Son güncelleme: 15.10.2009 03:29
  • Metin Göktepe 'gazeteciyim'

    Tarih - Anı - Biyografi Dizisi;
    Evrensel Basım Yayın

    Metin Göktepe'nin kendisinin çektiği ve kendisiyle ilgili toplam 80 foğrafın kullanıldığı kitap, beş ana bölümden oluşuyor.

    Birinci bölümde; Metin Göktepe'nin, olayın gerçekleştiği 8 Ocak 1996 günü gazeteden göreve gitmek üzere ayrılışından başlayarak, gözaltına alındığı Eyüp Kapalı Spor Salonu'nda öldürülüşüne kadar geçen süre, arkadaşlarının ve tanıkların anlatımlarıyla sunuluyor.

    İkinci bölümde; sanık polislerin, Emniyet ve İçişleri Bakanlığı müfettişlerine verdikleri ifadelere dayanılarak cinayet dakika dakika belgeleniyor.

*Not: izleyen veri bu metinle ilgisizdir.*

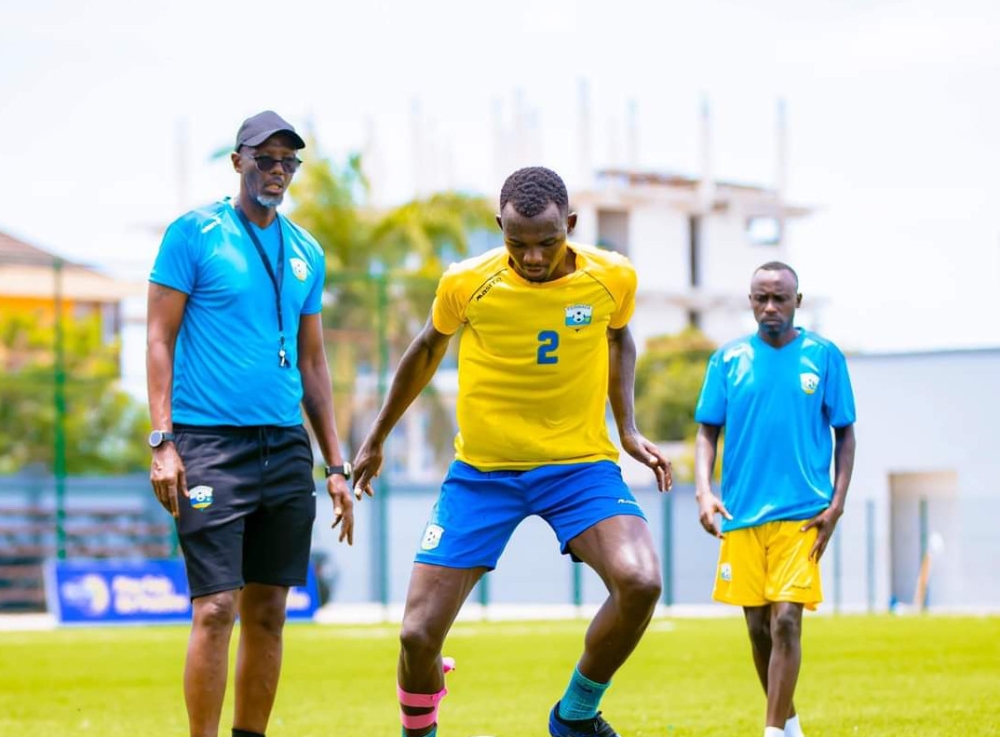 Rwanda caretaker coach Jimmy Mulisa inspects Amavubi training session at Amahoro Stadium.
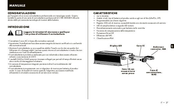 CTEK I-2420 offre anche la compensazione intelligente per perdita di cavo per una ricarica più veloce e impiega una tecnologia avanzata per la sua modalità di commutazione ad alta frequenza. Grazie a un’efficienza di conversione fino al 94%, il CTEK I-2420 è caratterizzato da basse emissioni di CO2 e ridotto consumo di potenza in generale.
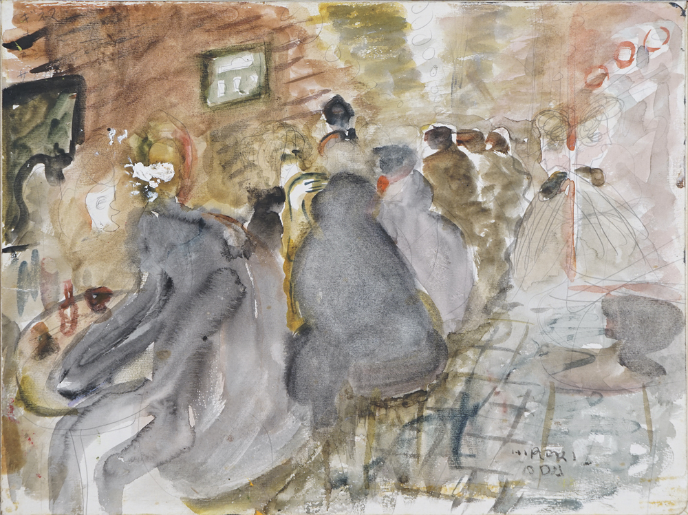 バーにて 水彩 23.4x24.3cm1966年頃 23.0×30.5 cm
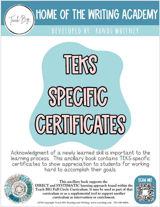 Acknowledgment of a newly learned skill is important to the learning process. This ancillary book contains TEKS-specific certificates to show appreciation to students for working hard to accomplish their goals.
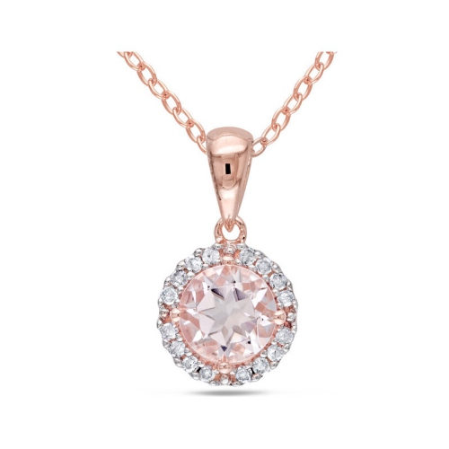 Collier à pendentif halo avec morganite 4/5 carat (ct) et chaîne en argent sterling plaqué rose et en diamants 1/10 carat (ct)
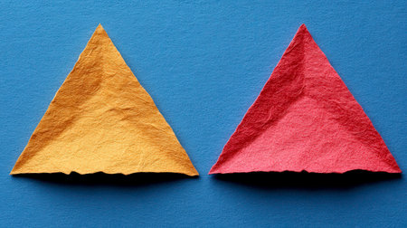 The photograph shows two equilateral triangles made of textured paper. The triangle on the left is a metallic gold color with visible creases and wrinkles, while the triangle on the right is a matte red with a slightly rough surface. They are positioned side-by-side on a textured blue background.
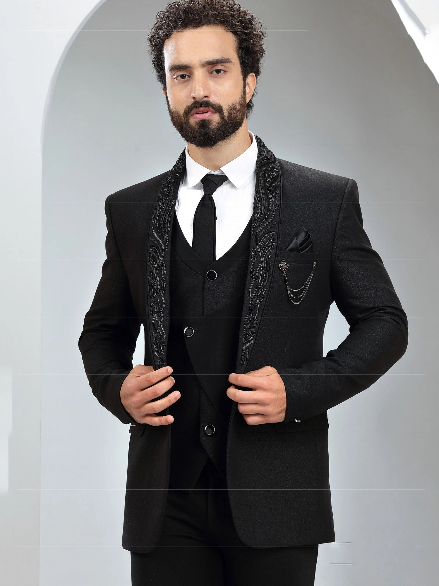 Experience the art of self-expression adorning this black color three piece suit made in italian fabric. Furnished with hand embridered work. Paired with a white cotton shirt, tie and a matching black color pant. Note: Some color variations may occur owing to photography causes. Up to 1 inch of measurement fluctuation is possible.

    Üçüncü bölümde; ateşten bir top gibi, ilden ile sürülen Göktepe davasıyla ilgili süreç Göktepe'nin avukatları ve davayı izleyen gazetecilerin izlenimlerinden yararlanılarak aktarılıyor.

    Dördüncü bölümde; Evrensel Muhabiri Göktepe'nin gazeteciliği, meslektaşları ve mesai arkadaşları tarafından anlatılıyor.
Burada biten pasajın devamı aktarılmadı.